#### YOUR OBJECTIVE
Your output should be the lines below from the one holding "The foundation layout" through the one holding "Porteur : Citroën", transcribed exactly, with no pictures.
——
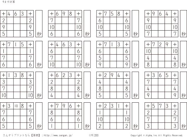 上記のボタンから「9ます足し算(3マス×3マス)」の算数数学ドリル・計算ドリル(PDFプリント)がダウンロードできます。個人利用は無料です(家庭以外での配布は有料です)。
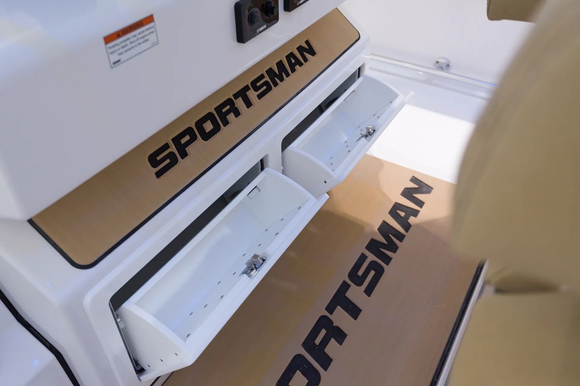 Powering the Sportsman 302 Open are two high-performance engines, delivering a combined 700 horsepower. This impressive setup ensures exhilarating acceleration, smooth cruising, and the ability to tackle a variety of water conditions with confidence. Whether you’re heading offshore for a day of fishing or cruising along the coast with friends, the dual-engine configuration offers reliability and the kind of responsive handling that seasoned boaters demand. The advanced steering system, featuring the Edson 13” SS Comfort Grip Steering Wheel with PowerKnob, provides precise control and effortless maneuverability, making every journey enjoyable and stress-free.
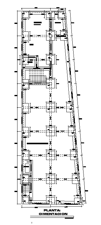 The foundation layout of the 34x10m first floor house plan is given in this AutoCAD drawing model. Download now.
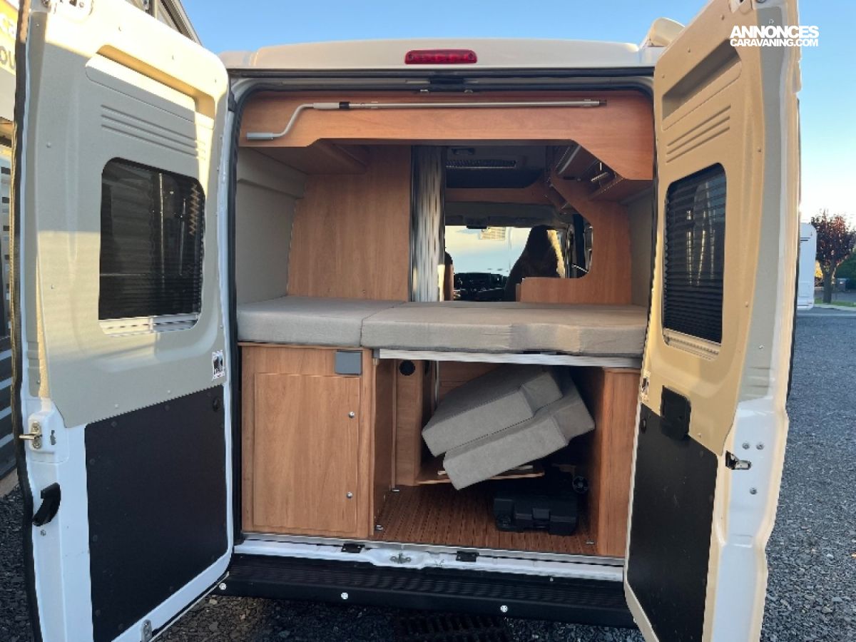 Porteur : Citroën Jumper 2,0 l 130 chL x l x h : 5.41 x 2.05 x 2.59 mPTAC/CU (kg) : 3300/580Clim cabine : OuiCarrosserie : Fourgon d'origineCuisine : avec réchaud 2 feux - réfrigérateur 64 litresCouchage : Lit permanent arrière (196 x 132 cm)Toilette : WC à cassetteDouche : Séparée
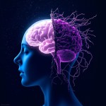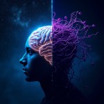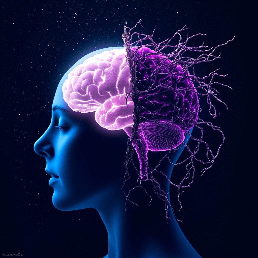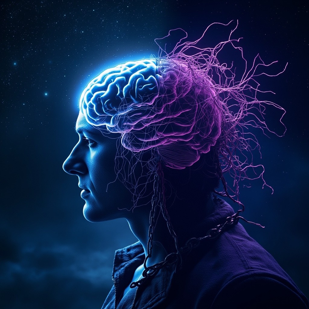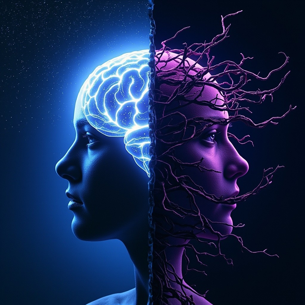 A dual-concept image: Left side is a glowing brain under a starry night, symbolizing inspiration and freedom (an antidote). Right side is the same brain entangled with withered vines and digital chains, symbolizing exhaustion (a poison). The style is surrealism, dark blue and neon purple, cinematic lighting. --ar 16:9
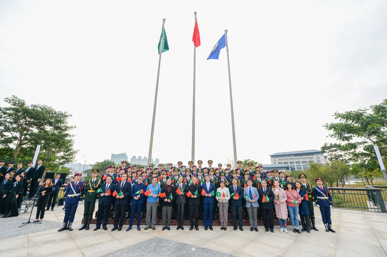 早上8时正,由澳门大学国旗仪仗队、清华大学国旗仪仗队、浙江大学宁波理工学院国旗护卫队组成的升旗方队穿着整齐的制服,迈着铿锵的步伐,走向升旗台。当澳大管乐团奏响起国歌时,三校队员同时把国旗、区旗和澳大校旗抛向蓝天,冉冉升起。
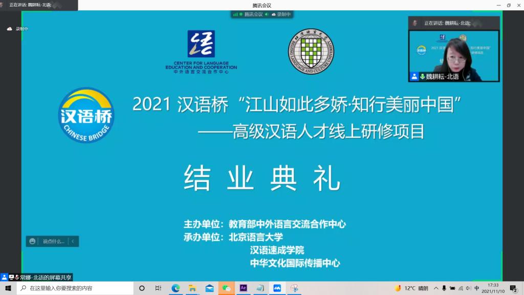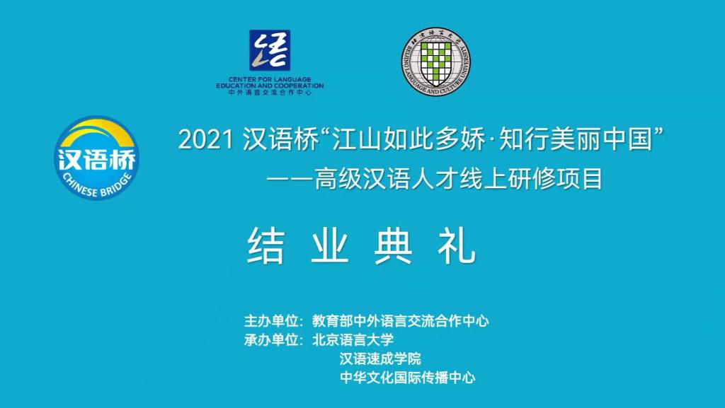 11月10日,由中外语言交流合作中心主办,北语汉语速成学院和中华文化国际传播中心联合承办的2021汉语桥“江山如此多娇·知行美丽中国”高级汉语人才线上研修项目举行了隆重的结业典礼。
——
#### ANSWER BOX
 The foundation layout of the 34x10m first floor house plan is given in this AutoCAD drawing model. Download now.
 Porteur : Citroën Jumper 2,0 l 130 chL x l x h : 5.41 x 2.05 x 2.59 mPTAC/CU (kg) : 3300/580Clim cabine : OuiCarrosserie : Fourgon d'origineCuisine : avec réchaud 2 feux - réfrigérateur 64 litresCouchage : Lit permanent arrière (196 x 132 cm)Toilette : WC à cassetteDouche : Séparée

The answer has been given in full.